Heather Richardson was the top American finisher in the 1,500 despite this not being her strongest event. She finished in seventh place. Teammate Brittany Bowe finished 14th.
Bowe, as reported by Michael C. Lewis of The Salt Lake Tribune, had this to say on the disappointing showing by the Americans:
The team has done a great job sticking together. There could be a million different factors into the performance. Obviously, it’s unfortunate. No one wants to be in the position that we’re in, but we’re here and we’re doing what we can with it. And that is going out there and trying 100 percent every time we get on the ice.

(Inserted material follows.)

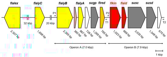 Under these circumstances, DEH reductase, KDG kinase, and KDPG aldolase were recently characterized in S. degradans 2-40T, a member of the phylum Proteobacteria [25]. The combined action of these enzymes could convert DEH to pyruvate and GAP in vitro. On the other hand, we also found the existence of alginate-assimilating gene cluster in the genome of Flavobacterium sp. strain UMI-01, a member of the phylum Bacteroidetes [27,28]. The endolytic and exolytic alginate lyase genes, flalyA and flalyB, and a DEH reductase gene, flred, are located in operon A, and KDG kinase-like gene flkin (GenBank accession number, BAQ25538) and KDPG aldolase-like gene flald (GenBank accession number, BAQ25539) are in operon B (Figure 1). The alginate lyases and DEH reductase of this bacterium have already been characterized [26,27,28]; however, KDG kinase and KDPG aldolase have not been identified yet. The amino acid sequences deduced from flkin and flald showed only 19% and 22% identities, respectively, with those of the corresponding enzymes from S. degradans 2-40T [25]. These low sequence identities suggest that the properties of Flavobacterium (Bacteroidetes) enzymes may be somewhat different from those of Saccharophagus (Proteobacteria) enzymes. Therefore, in the present study, we first characterized the primary structures of KDG kinase and KDPG aldolase, FlKin and FlAld, of the strain UMI-01 compared with those of other bacterial enzymes. Then, we investigated enzymatic properties of proteins encoded by flkin and flald using recombinant enzymes, recFlKin and recFlAld. Furthermore, we constructed an in vitro alginate-metabolizing system using recFlKin and recFlAld, along with recombinant alginate lyases and DEH reductase of this bacterium to confirm that this enzyme system can produce pyruvate and GAP from alginate in vitro.

There is just one more chance for the American speedskaters to turn things around in individual results. Only the 5,000-meter event remains, and that is not considered one of the Americans' strengths. With Day 9 complete, opportunities for a turnaround are quickly passing.
There will be the team competitions to follow, but with the lackluster showings by the speedskaters so far, the Americans will have to improve to medal in any of those events. The pressure is only growing stronger by the day with each disappointing finish. Meanwhile, the competition continues to impress. Things will not get any easier the rest of the way.
Meanwhile, the Dutch would appear to be strong favorites in all the team events. They've had a successful showing thus far and promise to compete for additional hardware.